Best, [Your Full Name]
Why do employers check references if they aren’t going to hire you?
There are many possible reasons for no job offer after reference check. The employer may decide at the last minute to go with another person or the requisition for the job fell through due to budgeting or other factors, and the hiring manager just moved on to the next thing.
Whatever the reason, it doesn’t feel good. If it has been 15 days with no contact, send a final email asking if the job has been filled. If there is no contact after that, be happy you are not working for a company that doesn’t value your time or feelings.
Can an employer ghost someone even after they have been offered the job?
Employers have the right to ghost a potential employee anytime in the hiring process. Right up until the contract is signed, they can cut off all contact. However, just because they can, doesn’t mean it is right or it is not going to hurt them or their company in the long run.
When employers and companies ghost applicants, they get negative reviews on social media, which can hurt the company’s recruiting efforts. However, that’s not much consolation if you hear no news after a reference check.

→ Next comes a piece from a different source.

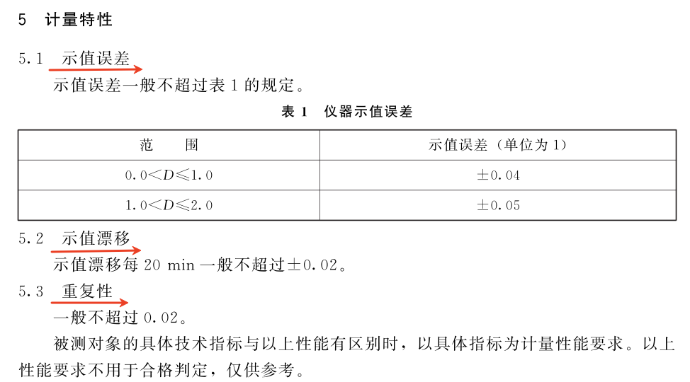《JJF1492-2014 反射式光密度計校準規范》是密度儀校準的核心技術規范。它明確了校準方法、設備要求和結果判定標準,確保每臺密度儀的測量數據可溯源性。計量特性要求如下:

Are there things to avoid while waiting to hear from an employer?
Once again, it is ok to contact an employer after your references, but remember, don’t be aggressive about the contact. Do not contact the hiring manager repeatedly. This could cause them to turn away from you when they were not initially intending to.
Aggressive contact shows that you are not patient and that reflects negatively on your ability to keep calm under pressure. In your interviews, ask the hiring manager or boss how long you should expect to wait and if you will be contacted either way. This will help you to relax a little and it will give you some idea as to when you can let it go.
Also, ask them the best way to follow up yourself. Ask for the best phone number or email and what protocol you should follow. When I follow-up after an interview, I ask if there is any other information I can provide to help them get what they need.
Sometimes people believe it is a good idea to make the hiring manager or boss uneasy. Do not lie about other job offers as tempting as that may be. They may decide to research the other companies or ask mutual contacts if this is true, which won’t end well for you.
- I Lied on My Resume and Got the Job: How to Get Away With It
- Should You Rush the Hiring Process by Lying About Having Another Job Offer?
- Can Prospective Employer Contact Your Current Employer During A Background Check?
“Although you may have been ghosted by one individual or company, you may find that you have a very positive experience with the next one. Applying your efforts and energy to new opportunities after can be a good way to continue making career progress and developing your interviewing skills.”-Indeed.com
Don’t let your current boss know you are interviewing and don’t use them as a reference. Keep your conversations and social media posts free of any mention of the topic. Wait until the moment is right before you make any announcements.
The last thing you need is to get ghosted before you sign the dotted line and lose your job or the trust of your current employer due to hard feelings. Consider aromatherapy to help you relax.
As in any situation, being completely ignored without explanation is painful and confusing. This can hurt when the situation is keeping you from making the money you want, leaving an unsatisfactory position, or planning for your future.
Taking the high road in the situation will benefit you in the long run. You will come out of the situation having dodged a possibly bad boss or work environment and be led to the job or career you were meant to have and that is priceless.